A Union Pacific truck—riding the railroad tracks on specialized train wheels—stops just past the corner of Sixth and Empire streets, in front of a huge in-progress mural, and gives an obligatory warning before squeaking on.

“I’ve never seen that guy before,” says Juan Carlos Araujo, owner of Empire Seven Studios and the catalyst for what is now one of the largest murals in San Jose.

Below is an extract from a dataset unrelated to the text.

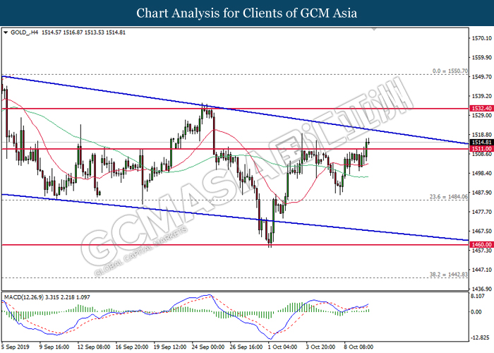 GOLD_, H4: Gold price was traded higher following prior close above 1511.00. MACD which illustrate bullish signal suggests its price to be traded higher in short-term as technical correction.

Empire Seven is only a few hundred feet away, so Araujo is familiar with the Union Pacific workers, whom he has met while overseeing the painting of the many murals along the tracks.
Today he is watching as L.A.-based artist and muralist Andrew Schoultz works on a large, complex piece of art, which covers a wall two stories tall and 50 yards wide. A veteran of the public art world, and a resident of San Francisco for nearly two decades, Schoultz knows the work it takes to complete a piece like this.

“It’s like an extreme sport”, Schoutlz says, reflecting on the process of covering 36,000 square feet in paint. To fully realize the mural, Schoutlz and a team of four people—including Araujo—working for five straight days, using everything from exterior house paint to boutique European spray paint.

The mural itself is an expansive and vibrant allegory for the water shortages that have hit California in recent years. On one side, a giant vase tips water, petals and tendrils across a long rectangular gradient that holds a large, mongoose-like creature. With juxtaposing styles, soft color gradients and forced perspective, the mural is both linear and detached by the section.

In the same way that the seriousness of the water issue is swept under the political rug, the painting depicts droplets of water smothered by large tendrils and geometric bundles. The emphasis of the figures and shapes are reinforced by a color gradient—white on the periphery and fading to a solid black strip, which runs the length of center of the piece.

Schoultz’s painting is the most recent piece of public art funded by the E7S Mural Project—which has aided in the creation of large works all over the city, but particularly in Japantown. Through the support of organizations, such as the Knight Foundation, and the persistence of Araujo and Empire Seven Studios, there are now more than 60 pieces of public art in Japantown, and Araujo, for one, couldn’t be happier about it. “It is a treat to have this in San Jose,” he says.